*** Information provided

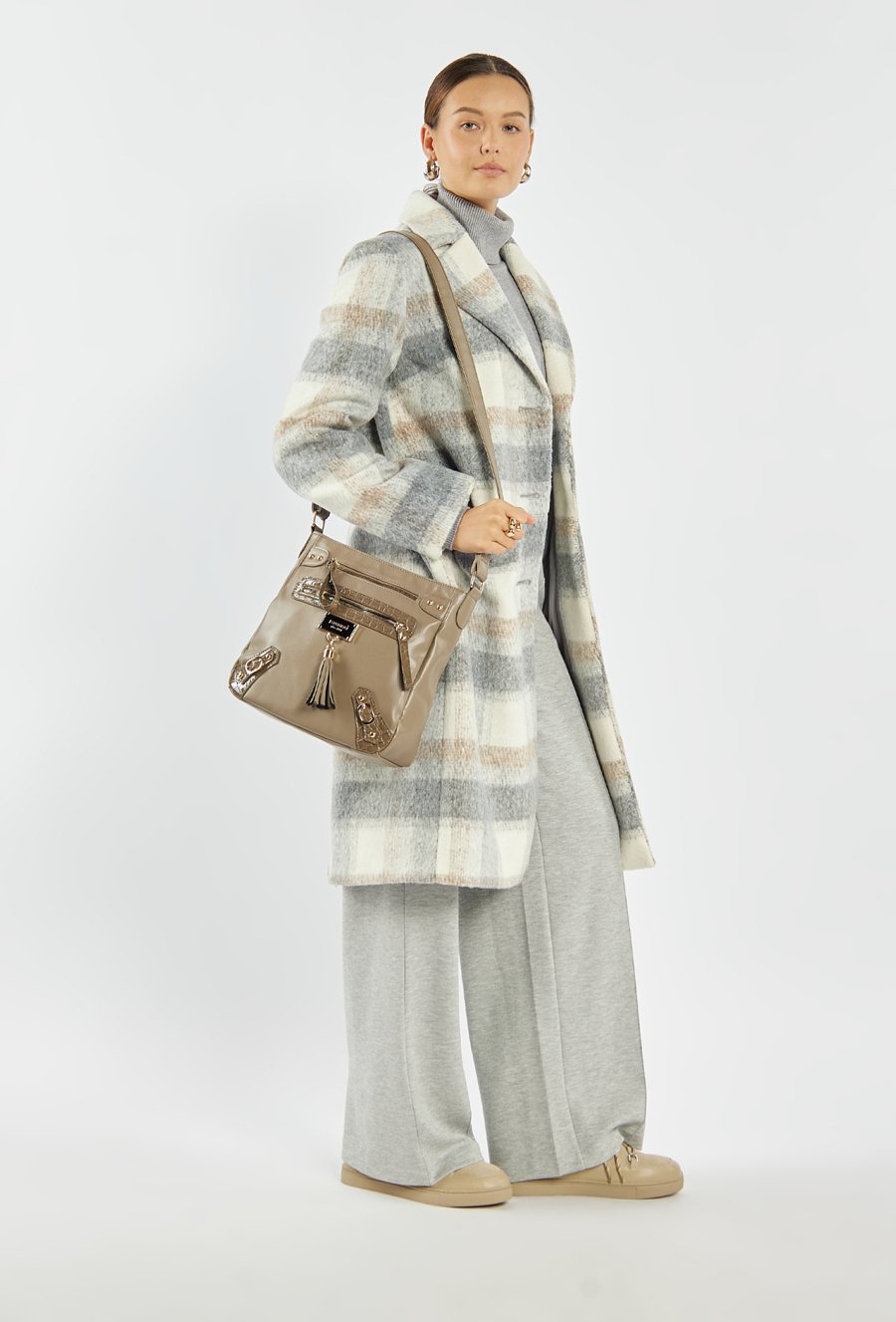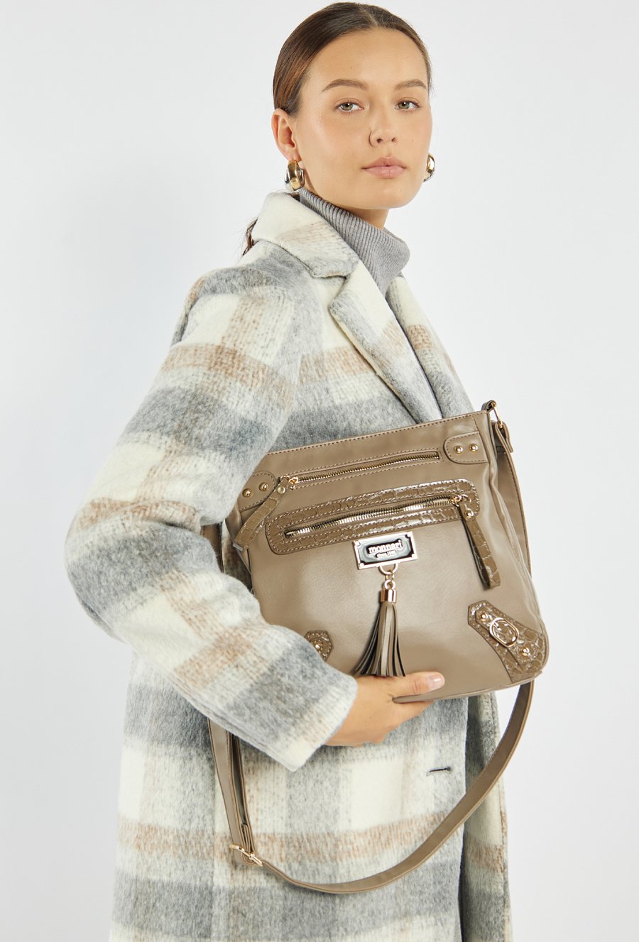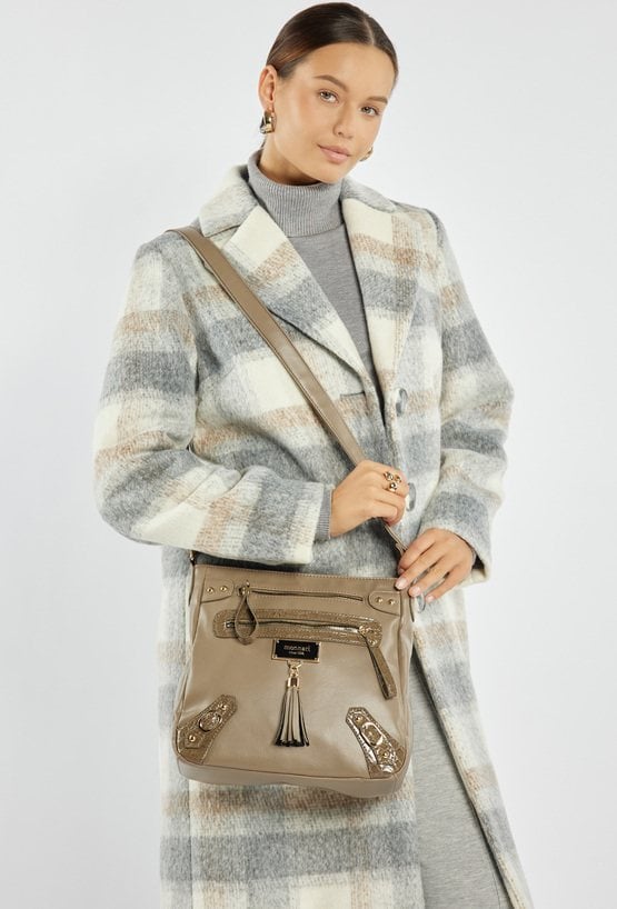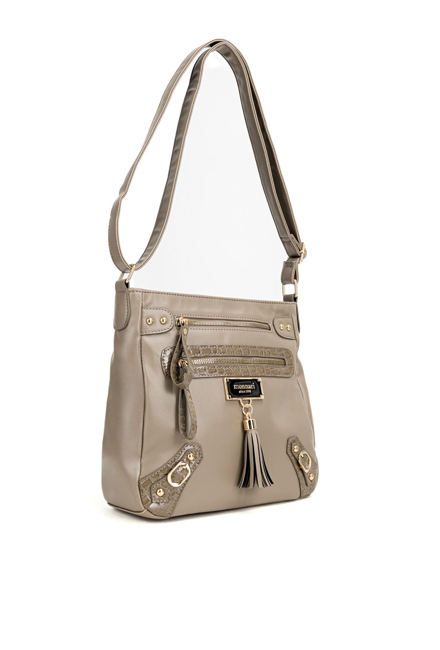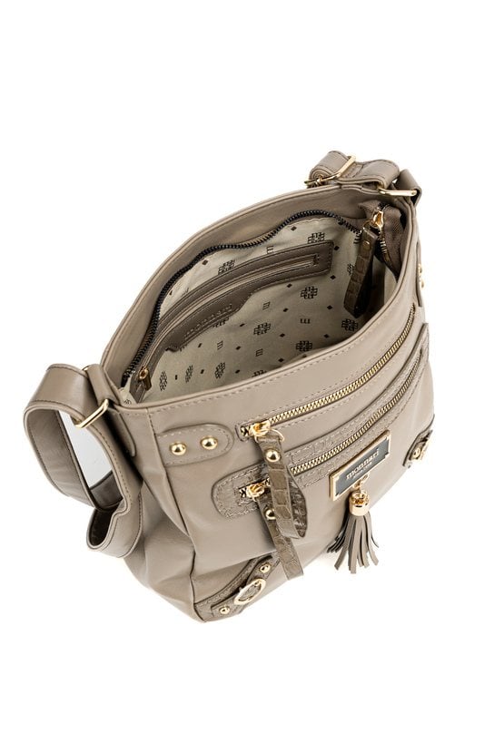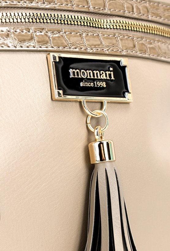 Torba damska crossbody, idealna na co dzień. Jednokomorowy model został wykończony jasną, logowaną podszewką oraz praktycznymi kieszonkami wewnętrznymi. Torba zawieszona jest na regulowanym pasku, co pozwala dopasować długość do indywidualnych preferencji. Uwagę przyciąga ozdobny detal- frędzle przytwierdzone do logo marki Monnari z przodu, dodające całości modnego, kobiecego charakteru. Należy przechowywać w załączonym woreczku. Wymiary: 28 cm x 27,5 cm x 8 cm.
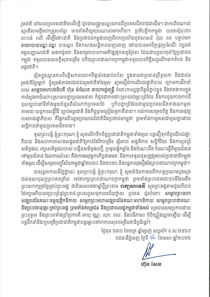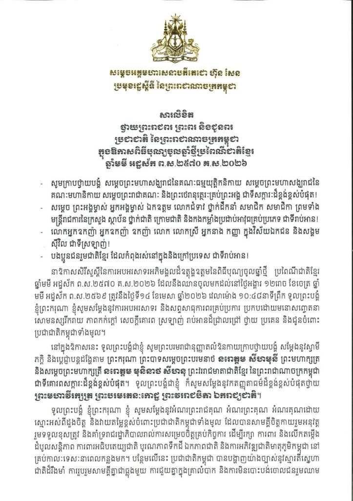 សារលិខិតថ្វាយព្រះរាជពរ ព្រះពរ និងជូនពរ របស់សម្តេចអគ្គមហាសេនាបតីតេជោ ហ៊ុន សែន ប្រមុខរដ្ឋស្តីទី នៃព្រះរាជាណាចក្រកម្ពុជា ថ្វាយព្រះរាជពរ ព្រះពរ និងជូនពរ ប្រជាជាតិ នៃព្រះរាជាណាចក្រកម្ពុជា ក្នុងឱកាសពិធីបុណ្យចូលឆ្នាំថ្មីប្រពៃណីជាតិខ្មែរ ឆ្នាំមមី អដ្ឋស័ក ព.ស.២៥៧០ គ.ស.២០២៦
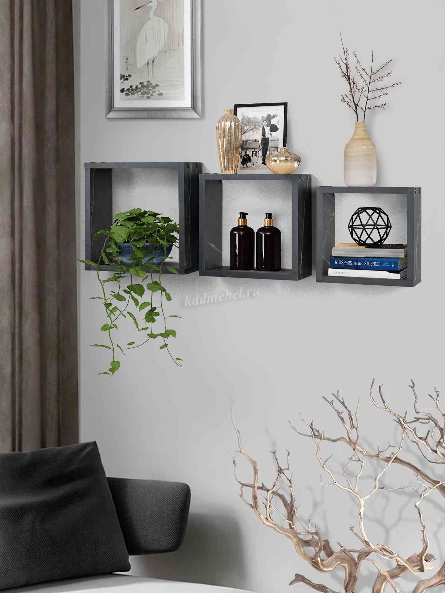 Модель состоит из трех полок: размер 30х13х30 см,27х27х13,24х13х24 см и выполнена в цвете камень пьетра.
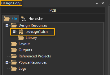 A schematic folder within the design file is also created with a schematic page within the folder. The schematic folder icon is marked with a backslash character (\) to signify that it is the root schematic folder. You can view the hierarchy in the File tab of the project manager.

******

Exercise description
Copy out the material exactly as it stands, though no picture should appear in the copy.

Task result
 Torba damska crossbody, idealna na co dzień. Jednokomorowy model został wykończony jasną, logowaną podszewką oraz praktycznymi kieszonkami wewnętrznymi. Torba zawieszona jest na regulowanym pasku, co pozwala dopasować długość do indywidualnych preferencji. Uwagę przyciąga ozdobny detal- frędzle przytwierdzone do logo marki Monnari z przodu, dodające całości modnego, kobiecego charakteru. Należy przechowywać w załączonym woreczku. Wymiary: 28 cm x 27,5 cm x 8 cm.
 សារលិខិតថ្វាយព្រះរាជពរ ព្រះពរ និងជូនពរ របស់សម្តេចអគ្គមហាសេនាបតីតេជោ ហ៊ុន សែន ប្រមុខរដ្ឋស្តីទី នៃព្រះរាជាណាចក្រកម្ពុជា ថ្វាយព្រះរាជពរ ព្រះពរ និងជូនពរ ប្រជាជាតិ នៃព្រះរាជាណាចក្រកម្ពុជា ក្នុងឱកាសពិធីបុណ្យចូលឆ្នាំថ្មីប្រពៃណីជាតិខ្មែរ ឆ្នាំមមី អដ្ឋស័ក ព.ស.២៥៧០ គ.ស.២០២៦
 Модель состоит из трех полок: размер 30х13х30 см,27х27х13,24х13х24 см и выполнена в цвете камень пьетра.
 A schematic folder within the design file is also created with a schematic page within the folder. The schematic folder icon is marked with a backslash character (\) to signify that it is the root schematic folder. You can view the hierarchy in the File tab of the project manager.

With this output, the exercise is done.